Menurut Abdullah si Fulanah cantik. Namun, Abdurrahman mengatakan
standar-standar saja. Nah, siapa yang benar? Si A atau B? ini tergantung
“selera”. Jadi, dua-duanya benar perspektif masing-masing.
Ilustrasi sederhana tersebut menunjukkan bahwa ketampanan dan
kecantikan tidak bisa menjadi standar atau ukuran mulianya seseorang. Oleh
karena itu, tidak sepatutnya ketampanan atau kecantikan menjadikan seseorang
angkuh karena tampan dan cantik bersifat nisbi (relatif). Namun, bisa saja
karena gangguan setan, seseorang sombong dengan tampilan fisiknya yang indah.
Setan akan terus menggoda anak Adam agar ketampanan dan kecantikan
yang dimilikinya ia pamer-pamerkan.
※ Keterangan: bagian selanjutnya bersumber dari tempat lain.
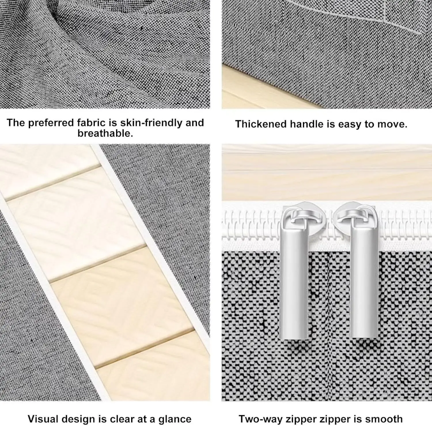 Durable 600D Oxford cloth stands up to heavy loads without ripping. Sturdy double zippers glide smooth even with bulky quilts inside. Reinforced handles let you drag it effortlessly, and the low 6-inch height sneaks under any bed frame.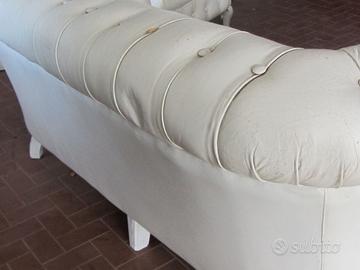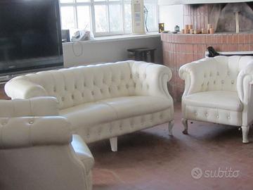 Divano due posti con due poltrone Frau modello Chesterfield in pelle bianca. Sono appartenuti alla mia famiglia fin dal 1930. Sono adatti per salotti eleganti , per arredare alberghi e per scenografie di teatro.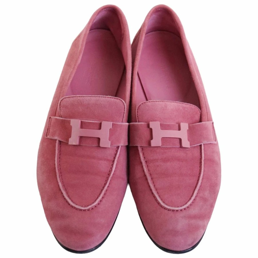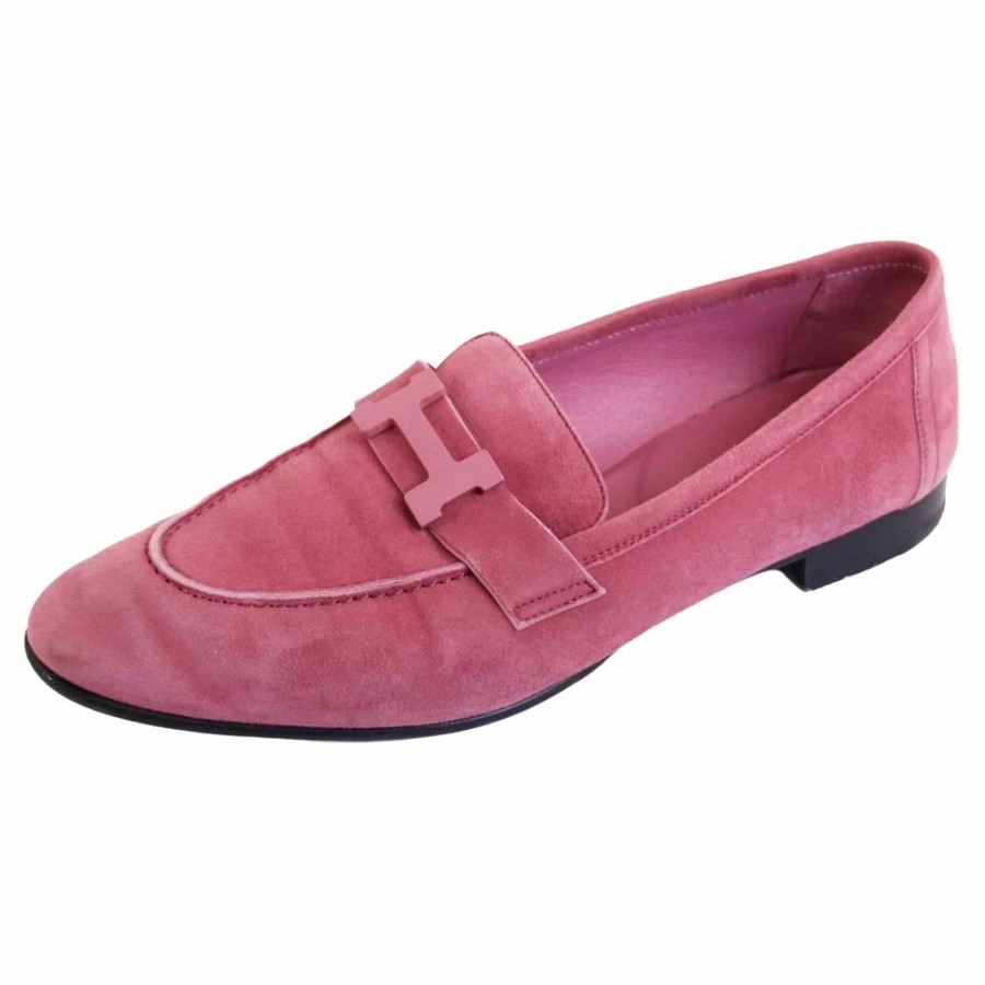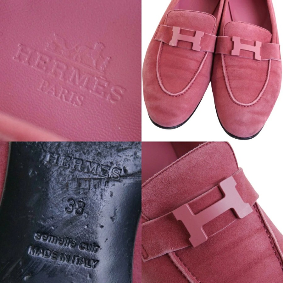 エルメス HERMES ローファー 2022 モカシン PARIS パリ コンスタンス Hロゴ金具 スウェードレザー シューズ レディース イタリア製 ピンク サイズ38(25cm相当)

Selain itu, orang lain dianggapnya tidak
lebih tampan atau cantik daripada dirinya, kemudian ia merasa gagah dengan
penampilannya.
Sebagai penguat, ada sebuah hadits yang berbunyi:
إِنَّ اللَّهَ لَا يَنْظُرُ إِلَى صُوَرِكُمْ
وَأَمْوَالِكُمْ وَلَكِنْ يَنْظُرُ إِلَى قُلُوبِكُمْ وَأَعْمَالِكُمْ
“Sesungguhnya Allah tidak akan melihat bentuk rupa dan harta
kalian, tetapi Allah melihat kepada hati dan amal-amal kalian” (H.R. Muslim).
5. اَلْمَالُ (harta)
Harta adalah penyebab kesombongan selanjutnya. Selain sebagai alat
beribadah, harta bisa saja dijadikan alat oleh setan untuk menyusupkan
kesombongan ke dalam hati manusia. Kita harus berhati-hati dalam bab harta.
Harta itu fitnah (ujian) dan salah satu ujiannya adalah bisakah kita menjadi
tawadhu meskipun harta melimpah ruah? Bisakah kita menjadi sederhana seperti
Rasulullah yang kaya raya, tetapi Beliau tetap berpola sederhana? Informasi
tambahan, mahar Rasulullah ketika menikah dengan Khadijah sebanyak 20 ekor unta
merah yang per ekornya senilai Rp 434.178.200 – Rp 651.267.300. Total mahar
minimalnya berarti Rp 8.683.564.000 (8,6 Milyar).
Sebenarnya harta itu bukanlah milik kita, melainkan milik Allah
yang dititipkan kepada kita. Jadi, jika ada orang yang sombong dengan hartanya
yang melimpah, maka orang itu tidak tahu malu. Adéan ku kuda beureum.
Sekali lagi, mari berhati-hati agar harta yang dimiliki tidak
menjadikan kita berbangga diri alias sombong. tetapi, harta kita jadikan
sebagai alat beribadah, alat untuk masuk kedalam surga.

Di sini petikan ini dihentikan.